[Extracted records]
########
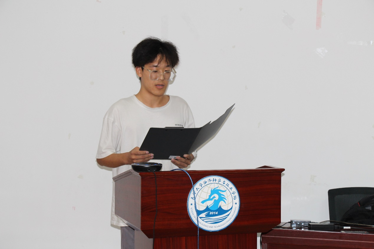 2021级本科生代表贾佳策发言,他回顾了刚入学时班主任和“师友”导师陪伴自己适应大学生活,帮助自己寻找适合的学习方法,寻找未来专业领域的过程。在导师的引导与帮助下,他选择了最有发展潜力,也是最适合自己的海洋学院。
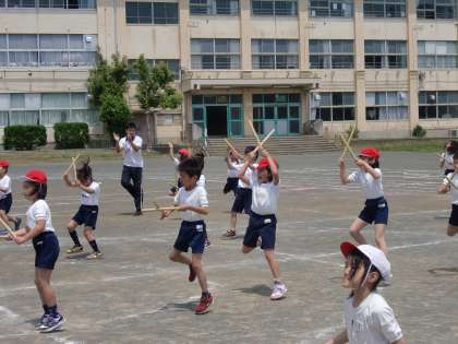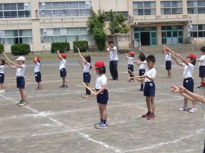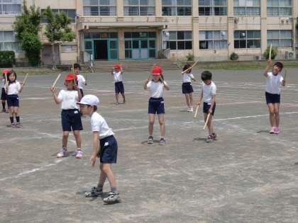 校庭での練習
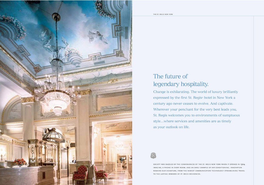 As the celebrated style of St. Regis expands worldwide, this 58-page brochure offers a detailed look at the future of legendary luxury.
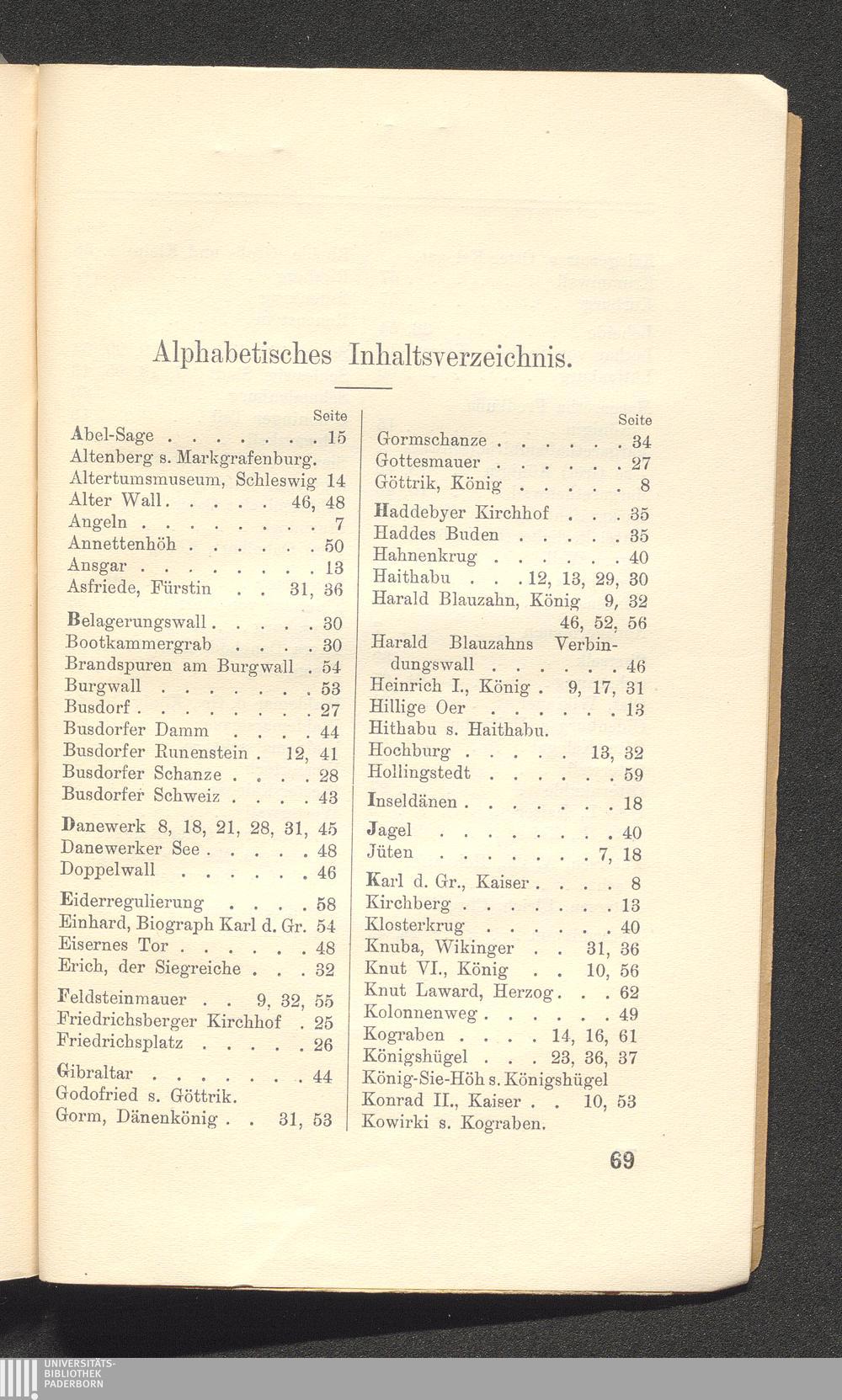 Alphabetisches Inhaltsverzeichnis
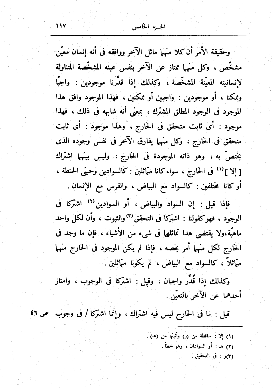 وحقيقة الأمر أن كلاً منهما ماثل الآخر ووافقه في أنه إنسان معين مشخص، وكذلك إذا قدرنا موجودين: واجباً وممكناً، أو موجودين: واجبين أو ممكنين، فهذا الموجود وافق هذا الموجود في الوجود المطلق المشترك، بمعنى انه شابهه في ذلك، فهذا موجود: أي ثابت متحقق في الخارج، وهذا موجود: أي ثابت متحقق في الخارج، وكل منهما يفارق الآخر في نفس وجوده الذي يختص به، وهو ذاته الموجودة في الخارج، وليس بينهما اشتراك إلا في الخارج، سواء كانا متماثلين: كالسوادين وحبتي الحنطة، أو كانا مختلفين: كالسواد مع البياض، والفرس مع الإنسان.
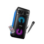 علاوه بر نوع اتصال و پخش موزیک های آن، این اسپیکر KAKUSIGA دارای دو عدد بلندگوی می باشد که به صورت دوگانه می تواند صدایی با قدرت ۱۰ وات پخش کند. صدای ارتقا یافته در این اسپیکر به شما کمک می کند، آهنگ های قدیمی را نیز با کیفیت و وضوحی متفاوت گوش دهید. بلندگو های دوگانه صدای فوق العاده ای را با بیس قدرتمندی پخش می کنند تا بتوانید از موسیقی های خود در مهمانی های خود لذت ببرید. همچنین این اسپیکر KAKUSIGA مدل 671 از یک باتری از نوع لیتیومی بهره می برد که ظرفیت آن ۱۸۰۰ میلی آمپر ساعت می باشد. این باتری می تواند به مدت دو الی سه ساعت به طور مداوم برای شما کار کند و موزیک ها را به راحتی بخش کند. یکی دیگر از قابلیت های اسپیکر بلوتوثی مدل ۶۷۱ این است که به همراه یک میکروفون سیم ارائه می شود که طول سیم آن دو متر می باشد و می توانید از آن برای سخنرانی در مهمانی و جشن های خود استفاده کنید. این میکروفون می تواند صدای شما را واضح تر بدون نویز به گوش اطرافیان شما برساند. و ما طراحی بی نظیر آن به همراه نورپردازی با چراغ های رنگارنگ ال ای دی فضای اطراف را زیباتر و بهتر جلوه می دهد.
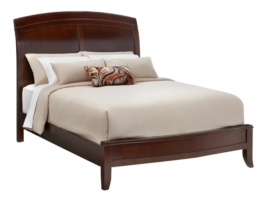 The Brighton bed is built to withstand time and trends. Crafted of tropical mahogany solids and cherry veneers, this modified sleigh bed is finished in a warm, engaging shade of cinnamon. Quality construction is evident throughout, from dovetail joints to corner blocking for durability. Whether paired with your current bedroom furnishings or matched with the rest of the Brighton collection, you'll love luxuriating in this elegant bed.
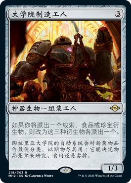 为了让套牌的运作更加顺滑,我们还加入了一些生物。金鹅、不倦追迹人和瑟班巡检官本身身材合格,在这套牌里也有着优异的表现。当隐匿动物学家罗尼斯和大学院制造工人同时在场时,金鹅和瑟班巡检官都相当于附带四个神器的急迫祭礼,让我们可以在一回合里施放大量咒语并迅速过牌。同时,他们还降低了这套牌对罗尼斯的依赖性,只有大学院制造工人在场时也能打出不错的展开。不倦追迹人进场并没有任何效果,但会随着对局的进行持续发力,也让我们的找地地有了额外收益。
########
The pictures stay out; copy the rest of the data word for word.

 2021级本科生代表贾佳策发言,他回顾了刚入学时班主任和“师友”导师陪伴自己适应大学生活,帮助自己寻找适合的学习方法,寻找未来专业领域的过程。在导师的引导与帮助下,他选择了最有发展潜力,也是最适合自己的海洋学院。
 校庭での練習
 As the celebrated style of St. Regis expands worldwide, this 58-page brochure offers a detailed look at the future of legendary luxury.
 Alphabetisches Inhaltsverzeichnis
 وحقيقة الأمر أن كلاً منهما ماثل الآخر ووافقه في أنه إنسان معين مشخص، وكذلك إذا قدرنا موجودين: واجباً وممكناً، أو موجودين: واجبين أو ممكنين، فهذا الموجود وافق هذا الموجود في الوجود المطلق المشترك، بمعنى انه شابهه في ذلك، فهذا موجود: أي ثابت متحقق في الخارج، وهذا موجود: أي ثابت متحقق في الخارج، وكل منهما يفارق الآخر في نفس وجوده الذي يختص به، وهو ذاته الموجودة في الخارج، وليس بينهما اشتراك إلا في الخارج، سواء كانا متماثلين: كالسوادين وحبتي الحنطة، أو كانا مختلفين: كالسواد مع البياض، والفرس مع الإنسان.
 علاوه بر نوع اتصال و پخش موزیک های آن، این اسپیکر KAKUSIGA دارای دو عدد بلندگوی می باشد که به صورت دوگانه می تواند صدایی با قدرت ۱۰ وات پخش کند. صدای ارتقا یافته در این اسپیکر به شما کمک می کند، آهنگ های قدیمی را نیز با کیفیت و وضوحی متفاوت گوش دهید. بلندگو های دوگانه صدای فوق العاده ای را با بیس قدرتمندی پخش می کنند تا بتوانید از موسیقی های خود در مهمانی های خود لذت ببرید. همچنین این اسپیکر KAKUSIGA مدل 671 از یک باتری از نوع لیتیومی بهره می برد که ظرفیت آن ۱۸۰۰ میلی آمپر ساعت می باشد. این باتری می تواند به مدت دو الی سه ساعت به طور مداوم برای شما کار کند و موزیک ها را به راحتی بخش کند. یکی دیگر از قابلیت های اسپیکر بلوتوثی مدل ۶۷۱ این است که به همراه یک میکروفون سیم ارائه می شود که طول سیم آن دو متر می باشد و می توانید از آن برای سخنرانی در مهمانی و جشن های خود استفاده کنید. این میکروفون می تواند صدای شما را واضح تر بدون نویز به گوش اطرافیان شما برساند. و ما طراحی بی نظیر آن به همراه نورپردازی با چراغ های رنگارنگ ال ای دی فضای اطراف را زیباتر و بهتر جلوه می دهد.
 The Brighton bed is built to withstand time and trends. Crafted of tropical mahogany solids and cherry veneers, this modified sleigh bed is finished in a warm, engaging shade of cinnamon. Quality construction is evident throughout, from dovetail joints to corner blocking for durability. Whether paired with your current bedroom furnishings or matched with the rest of the Brighton collection, you'll love luxuriating in this elegant bed.
 为了让套牌的运作更加顺滑,我们还加入了一些生物。金鹅、不倦追迹人和瑟班巡检官本身身材合格,在这套牌里也有着优异的表现。当隐匿动物学家罗尼斯和大学院制造工人同时在场时,金鹅和瑟班巡检官都相当于附带四个神器的急迫祭礼,让我们可以在一回合里施放大量咒语并迅速过牌。同时,他们还降低了这套牌对罗尼斯的依赖性,只有大学院制造工人在场时也能打出不错的展开。不倦追迹人进场并没有任何效果,但会随着对局的进行持续发力,也让我们的找地地有了额外收益。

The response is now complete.